The New York Times wrote an article (yesterday) and published an editorial on the issue of “information blocking” by software providers and their users (hospitals and labs) in the electronic medical records market. Information blocking is defined as “when groups knowingly and unreasonably interfere with the exchange or use of electronic health information.” For those of us in the tech sector, information blocking is also known as “dragging your feet”, “adding some friction/grit”, or imposing economic barriers to interoperability.
Interoperability: Good for the patient, less clear for the provider
The federal government has spent almost $29 billion in incentives to encourage use of electronic medical records by healthcare providers. Electronic medical records are expected to improve the quality of care and reduce health care costs. Clearly there are some successes in this market, based on companies we read about like Inovalon. But, according to a report to Congress from The Office of the National Coordinator for Health Information Technology (ONC) of the Department of Health and Human Services efforts to share these medical records are being impeded by existing players in the market.
Any company that has ever built a fairly dominant platform or network (as the electronic medical records players have) understands the conundrum. As a platform provider, you have invested a lot of money penetrating the market and building market share. All of a sudden, under the guise of interoperability, you see a bunch of small upstarts potentially free-riding on your investment to compete with you! “How is that fair?”, you think to yourself.
Interoperability in electronic medical records makes sense for the end client (the patient), but it does not make a lot of economic sense for the hospital, lab, or software provider–especially in the short run. The smart strategy for the incumbents is to “drag their feet”, or as Muhammad Ali called it “The Rope a Dope”. Incumbents will claim to support interoperability and open standards, but will also limit the investment in adaptors, APIs, and consulting to make it happen. Incumbents will make it possible, but a little painful, for those who want the data to actually get it.
Based on the New York Times article, this may be what is happening in the electronic medical records market. The article has accusations being leveled by the relatively new guy on the block, AthenaHealth, and one of the incumbents, Epic, saying they do not participate in such activities. Cerner, another big player is mentioned, but not quoted. The New York Times, liberal publication that it is, of course wants regulation. And Congress is starting to oblige.
Bring on the Feds?
I’ve written before (here) on the issue of interoperability between networks/platforms. I’ve also studied how interoperability has been achieved (or thwarted) in everything from rail systems to pallets to cell phone chargers to instant messaging systems. (You can find a deck on this topic in the Resources section of my website.) Not surprisingly, the lesson from this work is that interoperability is often a messy and long-term affair. If the industry players do not address it for their own good, it often does take some form of governmental pressure or at least standards making to make it happen in some reasonable time frame.

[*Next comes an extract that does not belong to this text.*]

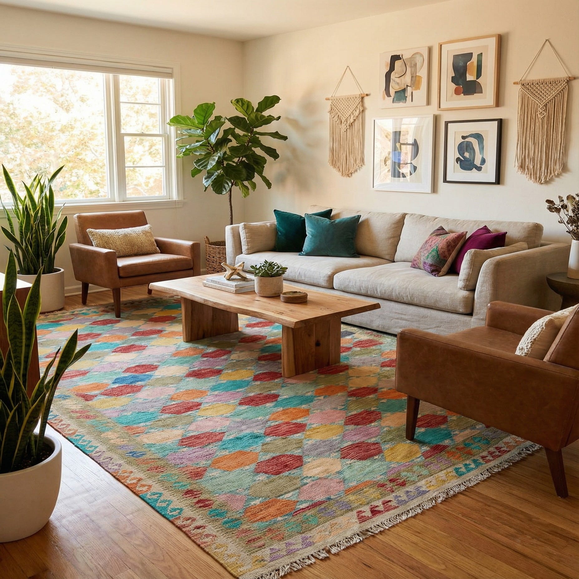 Primary color is Multi. Colors in this rug include: Multi, Beige, Blue, Green, Red, Yellow, Gray, Olive.

Look for battle between electronic medical records vendors to be played out in the marketplace and with the regulators. Increasingly, this is the life of platform providers. You need a strategy for every side of the platform, including Washington!
Bob,
Is an EHR (which is really ERP for integrated healthcare delivery networks) really a “Platform”?
I would simply call it an enterprise application suite. I feel no sympathy for EHR vendors or ERP vendors who try to impose this restrictive licensing. It’s just like how SAP has attempted to charge my clients from implementing bolt-ons and extracts they needed because vanilla wasn’t adequate. Such “indirect access fees” (and non-compliance fees) can really add up.
Nor do I feel sympathy for the buyers of the apps. The responsibility to negotiate the data access fees out of the contracts ultimately lies with the buyer. If you want to broaden the term ‘Platform’ to incorporate a packaged app, then I’d argue that a platform needs to be open, and you can make money by licensing the app development tools (and apps on a marketplace), but not access to the core freaking data. It’s like buying a moated castle, with no access rights to the drawbridge.
The healthcare industry can learn from other industries how to do proper procurement, including enterprise app procurement (and also vice versa – how to automate procurement with apps).
Just my 2 cents! Keep up the great work!
I think you are right, this is largely just a problem of incompatibility of formats and lack of interoperability, rather than a strict platform issue. (I have a tendency to get a little loose in my “definition” of a platform.) Certainly there are true platforms that sit on top of these incompatible systems, like Inovalon. I guess I thought of these folks as platform-like in that they were supposed to be compatible with various labs, outpatient clinics, specialists, etc. not just within one system–so, in theory they went beyond the immediate enterprise. But maybe they were only supposed to work in one “integrated delivery network (IDN)” or “in network system”. (Ugh, healthcare jargon!)